▸ Task details
When you copy the material below, keep every line exact and leave each picture out.
---------- Supplied information
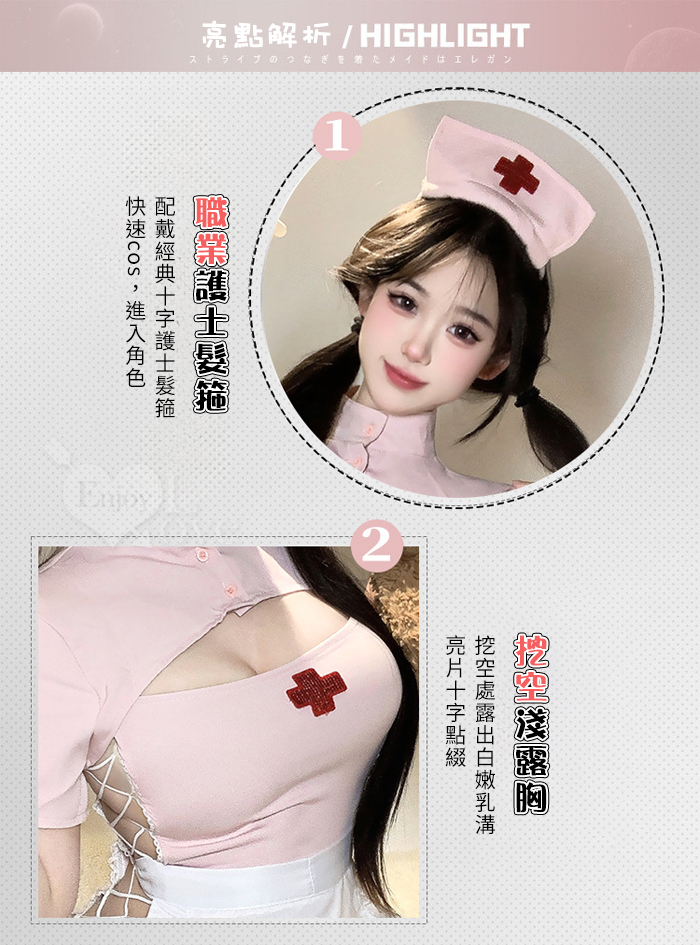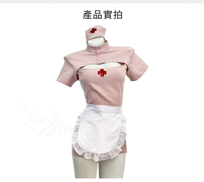 護士角色扮演服!俏皮立領挖空露溝交叉綁帶連身裙五件式套装
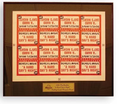 From the famed Topps auction, this uncut sheet of A Hard Day's Night cards are an uncut proof sheet of 16. These were the header cards that were attached to the top of packs of gum cards.
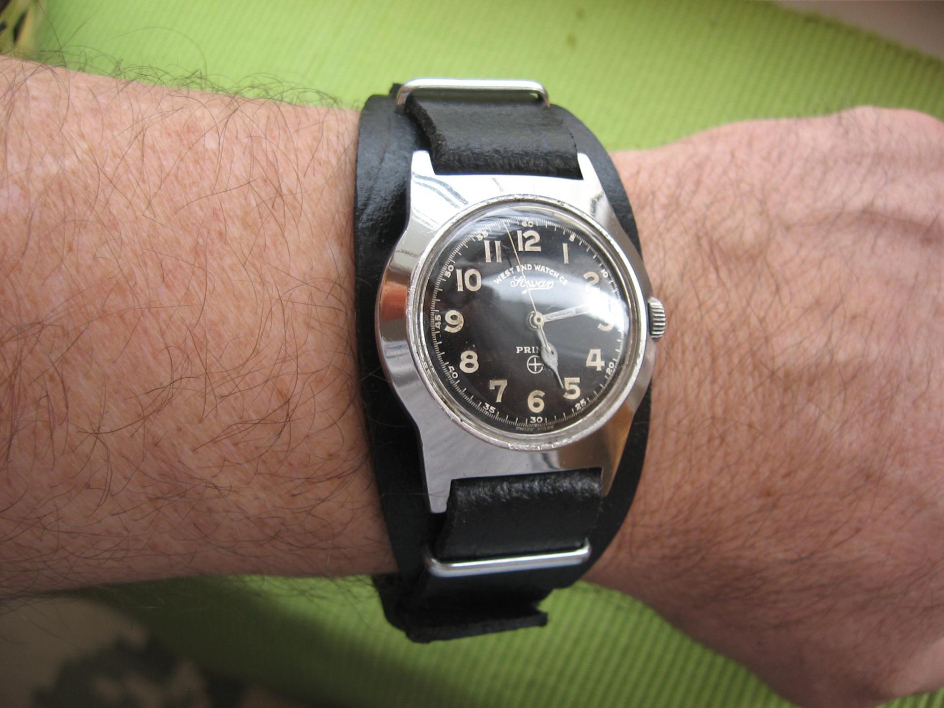 Malisa iz West End Watch je od nabavke bio izazov za resavanje kaisa. Precnik sata od 36mm sa ciferom od 27mm se malo gubio na mojoj ruci pa je bio neophodan dodatak da se istakne ono sta bi trebalo. Osovinica u lugovima terala u ocaj jer je kruta veza a i odstojanje do kucista sata, od malo vise od 1mm, je limitiralo izbor koze. Da ne duzim, stradala futrola pistolja jer je unutrasnja koza bila tanja i taman da se progura kroz prostor izmedju osovinice i kucista. Bilo muke dok se sklone postojeci konci i na kraju ostade "materijala" gotovo u milimetar za rezervnu varijantu podloge na kaisu. Bez obzira sto je u alat za izradu ukljucen i jedan specijalni deo, prava ne gresku nije bilo i to na prvom pokusaju sa kozom kao materijalom. Dragocena pomoc Corel-a je nametnula utisak da u ovoj situaciji nisu pozeljni stepovi, pogotovu ne beli, jer bi bilo previse detalja koji bi maleni cifer ugusili i izgubila se osnovna stvar za vojni sat.
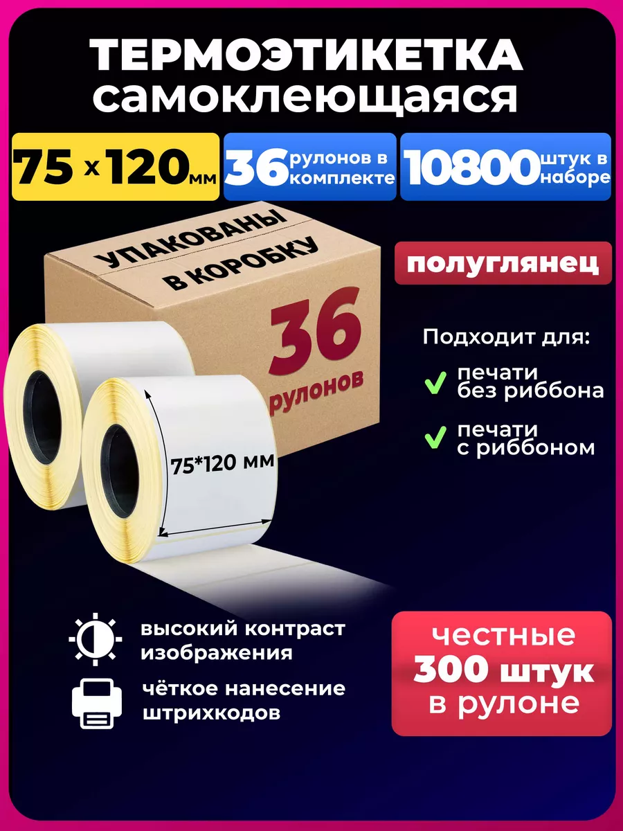 Термоэтикетки 75х120 эко– честных 300 этикеток в намотке - это оптимальное решение для оперативной и экономичной печати информации, необходимой для маркировки различной продукции в том числе и маркировки товаров для маркетплейсов. Такая термоэтикетка 75х120мм может выступать в роли носителя информации о товаре или же штрих-кода. Описание товара:Ширина этикетки - 75 мм.;Длина этикетки - 120 мм.;Трмоэтикеток в рулоне - 300 шт.;Внешний диаметр рулона - 70 мм. Внутрениий диаметр втулки - 40 мм. Количество рулонов в упаковке - количество роликов в комплекте указано на первом фото. Для маркетплейсов: для маркировки товаров поставщиков маркетплейсов;- В магазинах, аптеках : маркировка товаров/продукции;- Дома: на данном виде этикеток можно писать маркером\, ручкой или карандашом.Размер этикетки 75х120 мм. соответствует стандартам OZON для маркировки товаров поставщика. Экономичность. Доступная цена на этикетку является одним из главных ее преимуществ. Чёткость печати.Это могут быть буквенно-цифровые символы, штрих-коды, изображения или какие-либо другие данные. Напечатанное изображение отличается высокой контрастностью, что обеспечивает хорошее считывание сканирующими устройствами. Для работы с этикеткой можно использовать принтеры брендов АТОЛ, xPrinter, TSC, Datamax, Toshiba, Argox, Godex, Zebra, Intermec и ряда других производителей.Настройка:1. Важно перед начало печати произвести соответствующие настройки принтера и провести калибровку датчика печати этикеток по инструкции к принтеру во избежание пропуска этикеток, неточной печати.2. В настройках печати необходимо проверить и настроить такие параметры как:- тип материала;- этикетки с зазором;- метод печати: прямая термопечать. Поисковые запросы: Термолента / самоклеющаяся термопринтер валберис этикетки термоэтикетки листы кассовая термо бирки балон бумага термолента самоклеящаяся ламода этикетка мини термотрансферная термотрансферные xprinter клейкая ozon термоэтикетка sorel термобумага ozone.
--------------------
▸ Result of this task
 護士角色扮演服!俏皮立領挖空露溝交叉綁帶連身裙五件式套装
 From the famed Topps auction, this uncut sheet of A Hard Day's Night cards are an uncut proof sheet of 16. These were the header cards that were attached to the top of packs of gum cards.
 Malisa iz West End Watch je od nabavke bio izazov za resavanje kaisa. Precnik sata od 36mm sa ciferom od 27mm se malo gubio na mojoj ruci pa je bio neophodan dodatak da se istakne ono sta bi trebalo. Osovinica u lugovima terala u ocaj jer je kruta veza a i odstojanje do kucista sata, od malo vise od 1mm, je limitiralo izbor koze. Da ne duzim, stradala futrola pistolja jer je unutrasnja koza bila tanja i taman da se progura kroz prostor izmedju osovinice i kucista. Bilo muke dok se sklone postojeci konci i na kraju ostade "materijala" gotovo u milimetar za rezervnu varijantu podloge na kaisu. Bez obzira sto je u alat za izradu ukljucen i jedan specijalni deo, prava ne gresku nije bilo i to na prvom pokusaju sa kozom kao materijalom. Dragocena pomoc Corel-a je nametnula utisak da u ovoj situaciji nisu pozeljni stepovi, pogotovu ne beli, jer bi bilo previse detalja koji bi maleni cifer ugusili i izgubila se osnovna stvar za vojni sat.
 Термоэтикетки 75х120 эко– честных 300 этикеток в намотке - это оптимальное решение для оперативной и экономичной печати информации, необходимой для маркировки различной продукции в том числе и маркировки товаров для маркетплейсов. Такая термоэтикетка 75х120мм может выступать в роли носителя информации о товаре или же штрих-кода. Описание товара:Ширина этикетки - 75 мм.;Длина этикетки - 120 мм.;Трмоэтикеток в рулоне - 300 шт.;Внешний диаметр рулона - 70 мм. Внутрениий диаметр втулки - 40 мм. Количество рулонов в упаковке - количество роликов в комплекте указано на первом фото. Для маркетплейсов: для маркировки товаров поставщиков маркетплейсов;- В магазинах, аптеках : маркировка товаров/продукции;- Дома: на данном виде этикеток можно писать маркером\, ручкой или карандашом.Размер этикетки 75х120 мм. соответствует стандартам OZON для маркировки товаров поставщика. Экономичность. Доступная цена на этикетку является одним из главных ее преимуществ. Чёткость печати.Это могут быть буквенно-цифровые символы, штрих-коды, изображения или какие-либо другие данные. Напечатанное изображение отличается высокой контрастностью, что обеспечивает хорошее считывание сканирующими устройствами. Для работы с этикеткой можно использовать принтеры брендов АТОЛ, xPrinter, TSC, Datamax, Toshiba, Argox, Godex, Zebra, Intermec и ряда других производителей.Настройка:1. Важно перед начало печати произвести соответствующие настройки принтера и провести калибровку датчика печати этикеток по инструкции к принтеру во избежание пропуска этикеток, неточной печати.2. В настройках печати необходимо проверить и настроить такие параметры как:- тип материала;- этикетки с зазором;- метод печати: прямая термопечать. Поисковые запросы: Термолента / самоклеющаяся термопринтер валберис этикетки термоэтикетки листы кассовая термо бирки балон бумага термолента самоклеящаяся ламода этикетка мини термотрансферная термотрансферные xprinter клейкая ozon термоэтикетка sorel термобумага ozone.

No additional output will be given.